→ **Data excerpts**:
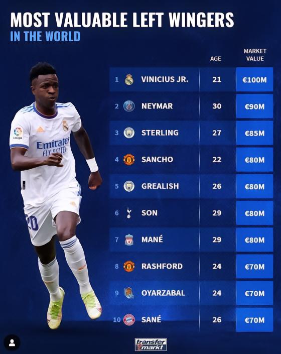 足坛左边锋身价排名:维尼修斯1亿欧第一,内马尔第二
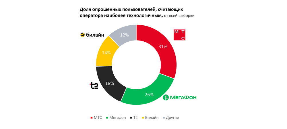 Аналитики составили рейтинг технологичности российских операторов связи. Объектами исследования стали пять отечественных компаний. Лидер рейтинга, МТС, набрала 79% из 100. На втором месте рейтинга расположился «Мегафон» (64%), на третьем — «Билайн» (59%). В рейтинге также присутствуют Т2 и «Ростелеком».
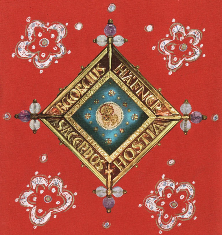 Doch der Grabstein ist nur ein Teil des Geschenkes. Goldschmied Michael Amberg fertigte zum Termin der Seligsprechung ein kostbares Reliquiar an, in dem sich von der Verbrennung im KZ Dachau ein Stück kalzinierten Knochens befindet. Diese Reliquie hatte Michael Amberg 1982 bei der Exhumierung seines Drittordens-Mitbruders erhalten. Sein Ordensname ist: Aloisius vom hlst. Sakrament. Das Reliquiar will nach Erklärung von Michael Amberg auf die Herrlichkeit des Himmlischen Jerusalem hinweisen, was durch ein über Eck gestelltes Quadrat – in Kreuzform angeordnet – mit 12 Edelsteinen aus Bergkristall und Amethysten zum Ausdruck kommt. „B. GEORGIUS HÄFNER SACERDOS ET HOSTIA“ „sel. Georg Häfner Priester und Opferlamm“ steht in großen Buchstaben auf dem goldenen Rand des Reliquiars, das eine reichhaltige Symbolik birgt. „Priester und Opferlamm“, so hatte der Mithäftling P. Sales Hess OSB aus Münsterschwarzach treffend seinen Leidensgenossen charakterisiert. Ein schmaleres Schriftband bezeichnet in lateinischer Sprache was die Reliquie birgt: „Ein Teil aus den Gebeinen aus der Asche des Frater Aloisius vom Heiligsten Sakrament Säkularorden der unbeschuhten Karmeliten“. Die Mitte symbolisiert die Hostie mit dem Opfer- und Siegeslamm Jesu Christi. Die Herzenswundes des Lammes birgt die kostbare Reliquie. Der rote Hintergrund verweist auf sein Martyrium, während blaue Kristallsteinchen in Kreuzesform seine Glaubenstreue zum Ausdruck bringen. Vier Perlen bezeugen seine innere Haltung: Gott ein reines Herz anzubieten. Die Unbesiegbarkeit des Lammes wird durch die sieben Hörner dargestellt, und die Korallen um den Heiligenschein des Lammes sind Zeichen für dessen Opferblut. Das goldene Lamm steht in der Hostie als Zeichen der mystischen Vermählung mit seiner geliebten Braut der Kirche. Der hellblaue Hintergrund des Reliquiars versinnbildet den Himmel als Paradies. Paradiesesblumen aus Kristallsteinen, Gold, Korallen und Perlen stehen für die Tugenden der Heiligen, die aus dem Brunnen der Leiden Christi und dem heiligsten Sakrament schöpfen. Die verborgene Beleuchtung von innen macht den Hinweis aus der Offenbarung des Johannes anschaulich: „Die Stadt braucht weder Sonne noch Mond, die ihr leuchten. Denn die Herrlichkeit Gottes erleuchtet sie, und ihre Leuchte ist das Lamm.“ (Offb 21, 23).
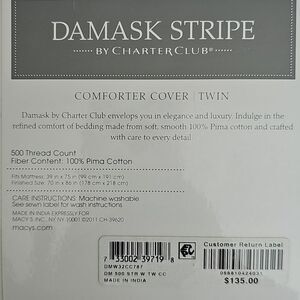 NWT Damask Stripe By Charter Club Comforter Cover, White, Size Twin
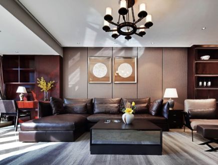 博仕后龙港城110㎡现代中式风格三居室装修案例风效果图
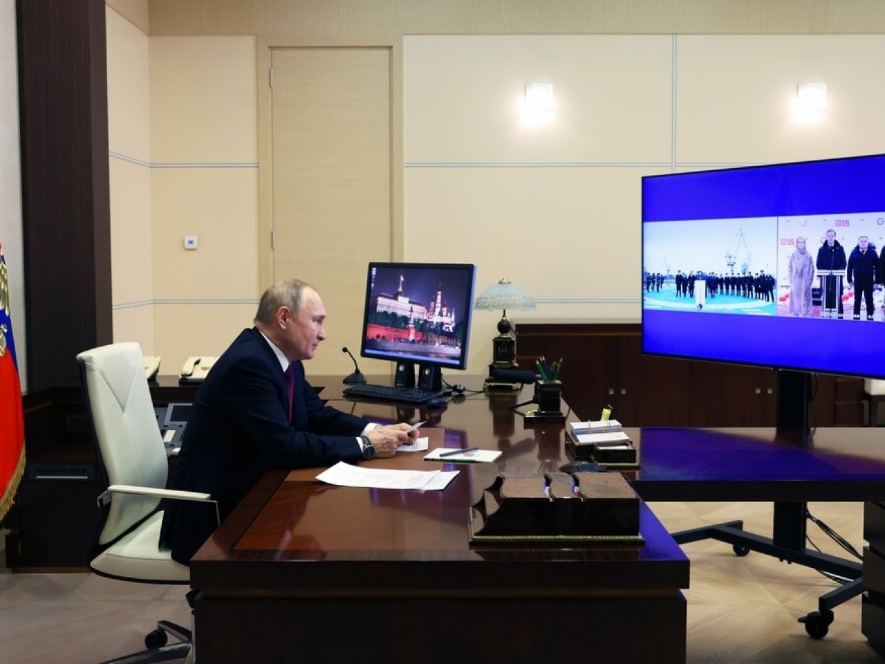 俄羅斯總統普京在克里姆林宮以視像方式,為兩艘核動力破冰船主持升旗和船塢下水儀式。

→ **YOUR ASSIGNMENT**:
Leave out the pictures and repeat exactly the lines from the first line of the data through the line containing "Аналитики составили рейтинг". Add nothing else.

→ **SOLUTION TO THIS PROBLEM**:
 足坛左边锋身价排名:维尼修斯1亿欧第一,内马尔第二
 Аналитики составили рейтинг технологичности российских операторов связи. Объектами исследования стали пять отечественных компаний. Лидер рейтинга, МТС, набрала 79% из 100. На втором месте рейтинга расположился «Мегафон» (64%), на третьем — «Билайн» (59%). В рейтинге также присутствуют Т2 и «Ростелеком».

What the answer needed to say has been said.